# Mini z cars and accessories



## mad_51_dog (Dec 2, 2004)

Where is the best place on the net to purchase a Mini z F1 and accessories for oval racing?


----------



## okracer (Mar 11, 2002)

tower hobbies


----------



## wcrotty (Sep 25, 2001)

Tower doesn't sell mini-zs any more.

What parts are you looking for?

Send me email [email protected]


----------



## jozimoto (May 2, 2003)

Check out http://www.cpminiraceway.com/index.html For some of the accessories


----------



## jozimoto (May 2, 2003)

One of the problems right now is getting the F1 doner car.


----------



## mad_51_dog (Dec 2, 2004)

I am looking to get into the mini z craze and I cannot find the Kyosho Mini Z FI anywhere. The place where I want to race turns them into nascar simulated race cars.
I am not even sure if Kyosho is the best solution to 18th scale racing. I run 1/10 oval and I want to buy a top level car and all I hear about is the kyosho Mini Z f1. If you have any other suggestions, I am open. Thanks for the help.

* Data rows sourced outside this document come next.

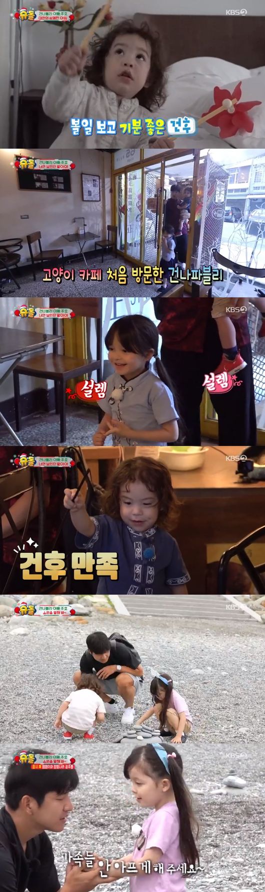 세사람은 나은이가 건넨 준 칫솔로 양치질을 마치고 '고양이 카페'로 향했다. 건나블리는 고양이를 만지기 전 손 소독을 했고 박주호는 고양이에게 해서는 안 되는 것들을 건나블리에게 차분하게 설명했다. 건후는 흰 고양이에 시선을 빼앗긴 채 고양이를 만지며 애정을 드러냈다.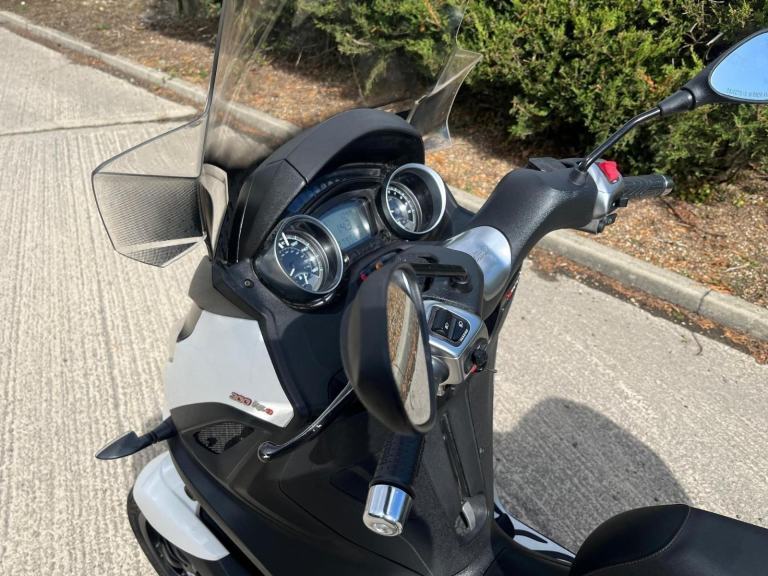 White Piaggio Mp3 300, year 2019 (19 reg.), 27,956 miles. MOT included in the price. PLEASE VISIT OUR WEBSITE DIRECTLY FOR THE FULL RANGE OF UP-TO-DATE STOCK WHICH MAY NOT BE ON OTHER PLATFORMS. VIEWING STRICTLY BY APPOINTMENT ONLY. Visit [Website URL removed] call 01759 591666 or email [Email address removed. Click Email button to contact us.] for more details.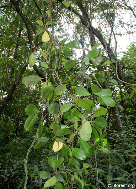 Finlaysonia obovata is found exclusively in mangroves. The leaves are oppositely arranged, normally obovate (sometimes elliptic) in shape, with distinct secondary and tertiary veins on the underside, as well as having reddish petioles (though not always). White sap is produced after breaking the leaves, a feature typical of the family.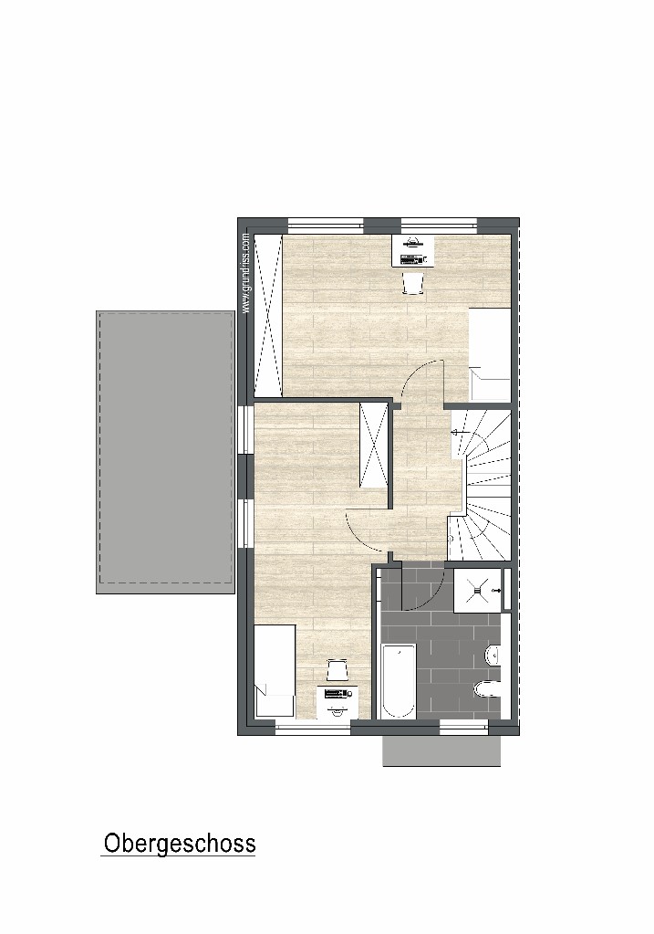 Über die hochwertige Stahlsystemtreppe mit komplett spiegelbildlichem Treppenlauf gelangen Sie in I. Obergeschoss. Hier erwarten Sie zwei Schlaf-/Kinderzimmer und ein großes, luxuriöses Wannen-Duschbad mit Tageslicht.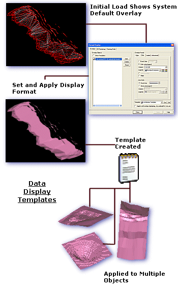 A data display templates can contain variety of information. In a simple form, a template could be used to, say, color an object red, and rendered in 3D. This type of display template is relatively generic and can easily be transferred to other object overlays of the same object type (it is not possible to apply, say, a wireframe display template to a block model, for example).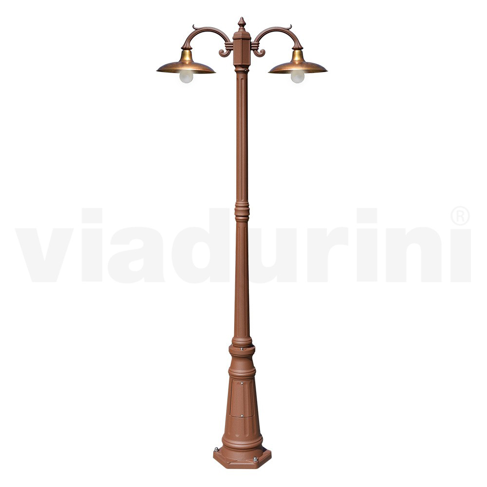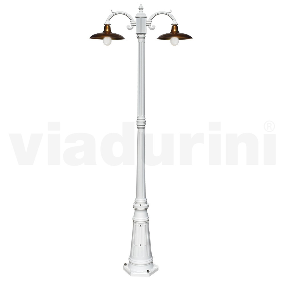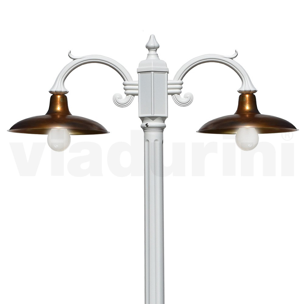2-light vintage style aluminum street lamp with brass diffuser Made in Italy.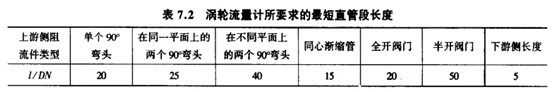 傳感器應(yīng)安裝在便于維修,管道無振動(dòng)、無強(qiáng)電磁干擾與熱輻射影響的場(chǎng)所。液體IUF的典型安裝管路系統(tǒng)如圖7.15所示。圖中各部分的配置可視被測(cè)對(duì)象情況而定,并不一定全部都需要。TUF對(duì)管道內(nèi)流速分布畸變及旋轉(zhuǎn)流是敏感的,進(jìn)人傳感器應(yīng)為充分發(fā)展管流,因此要根據(jù)傳感器上游側(cè)阻流件類型配備必要的直管段或流動(dòng)調(diào)整器,如表7.2所示。若上游側(cè)阻流件情況不明確,一般推薦上游直管段長度不小于20D,下游直管段長度不小于5D,如安裝空間不能滿足上述要求,可在阻流件與傳感器之間安裝流動(dòng)調(diào)整器外時(shí),應(yīng)有避直射陽光和防雨淋的措施。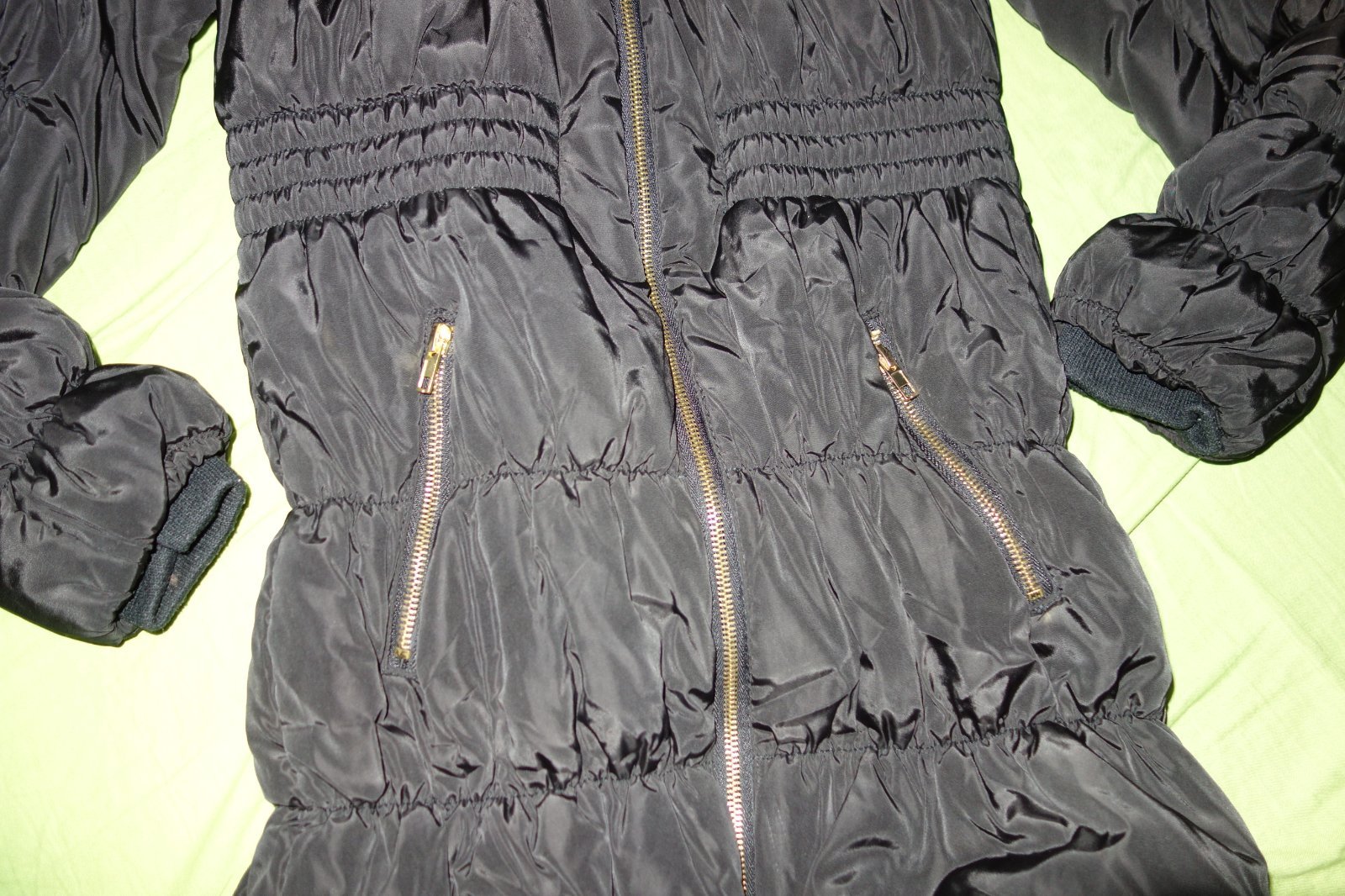 ROZMERY: dlzka rukavu od goliera: 66cm, rukav od pleca: 56cm, celkova dlzka od pleca: 79cm, sirka pod pazuskami: 39cm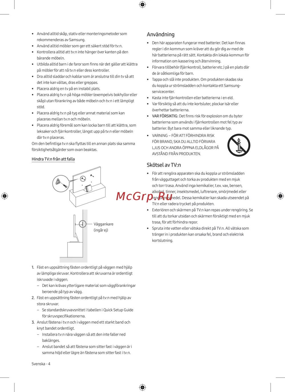 - Preventing the tv from falling p.4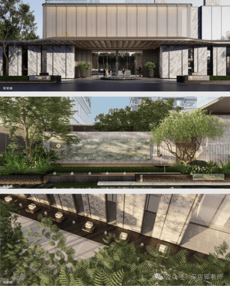 南洋风情园林,打造高奢归家礼序!园林架空层及大堂完全是南山香格里拉同款风格,长57米的门厅,奢石铺地,去年位于深圳湾超总的“深湾玖序”刷爆了深圳的豪宅市场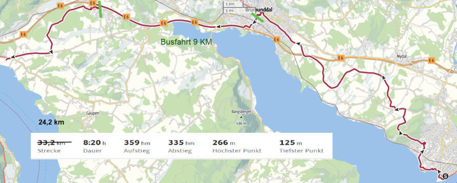 hat. Wir bewegten uns auf Brumunddal zu. Noch eine Autobahnunterquerung und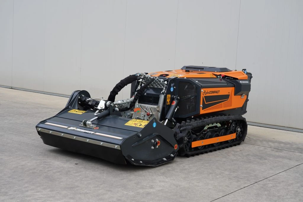 O RoboCOMPACT 25 hp é uma máquina porta-ferramentas radiocontrolada, projetada para trabalhos exigentes em terrenos inclinados até 61°. Equipado com motor Kubota de 25 CV, destaca-se pela estabilidade, tração eficiente e elevada produtividade.

Hey Jo, do you race at franks trains and hobbies?


----------



## okracer (Mar 11, 2002)

so can you get the mini z s new anymore


----------



## wcrotty (Sep 25, 2001)

yes we can get new mini-z direct from kyosho.


----------



## mad_51_dog (Dec 2, 2004)

WC, you can get the mini z's from Kyosho or anyone can order from kyosho?


----------



## wcrotty (Sep 25, 2001)

Our hobby shop gets them from kyosho.

Just let me know what you want and i can hook you up with great prices.


----------



## jozimoto (May 2, 2003)

mad_51_dog said:


> Hey Jo, do you race at franks trains and hobbies?




Yes I Do 

Check out http://p098.ezboard.com/fsnowbirdnationalsfrm13


----------



## jozimoto (May 2, 2003)

Kevin at Franks has been trying to get the F1s but they just havent come in yet.


----------



## mad_51_dog (Dec 2, 2004)

Jo, I used to race 1/10 oval on saturday nights at Franks old place. I just do not want to drive all the way to manatee on sunday's to race my oval car. This mini Z thing seems pretty big and I thought it looks like fun. Once you get the F1 and the conversion kit, what other accessories do you need?


----------



## jozimoto (May 2, 2003)

Most of us run the Kyosho X speed motor. The graphite rear plates that come with the conversion are stiff. There is a medium and soft set which are available to tune the rear end. Assorted springs for the front suspension. Do you have a M8 TX because they make a module so you can use it with the mini Z. I use it but its not necessary. I just don't like the stock tx.
Oh yeah you have to get a plug to tap in to the batteries to power the Transponder for lap counting. We use the AMB personal transponders as the self contained ones are too big. Transponders are at the track or you can use your own if you have one. Rear tire are 23 slicks and there are many different tire combos for the front. Every one uses 23s on the back. Come on down and check it out on Wednesday nights. We usually get started about 6:30- 6:45. WE have a good group and alot of fun!


----------



## mad_51_dog (Dec 2, 2004)

I am going to try and get down there in the next couple of weeks. Where do you get the module for the M8? I have my own transponder, where can you get the plug for the transponder?


----------



## jozimoto (May 2, 2003)

I got my module from Tower Hobbies.http://www2.towerhobbies.com/cgi-bin/wti0001p?&I=LXCHB7**&P=0
Kevin at Franks has the plugs for couple of bucks


----------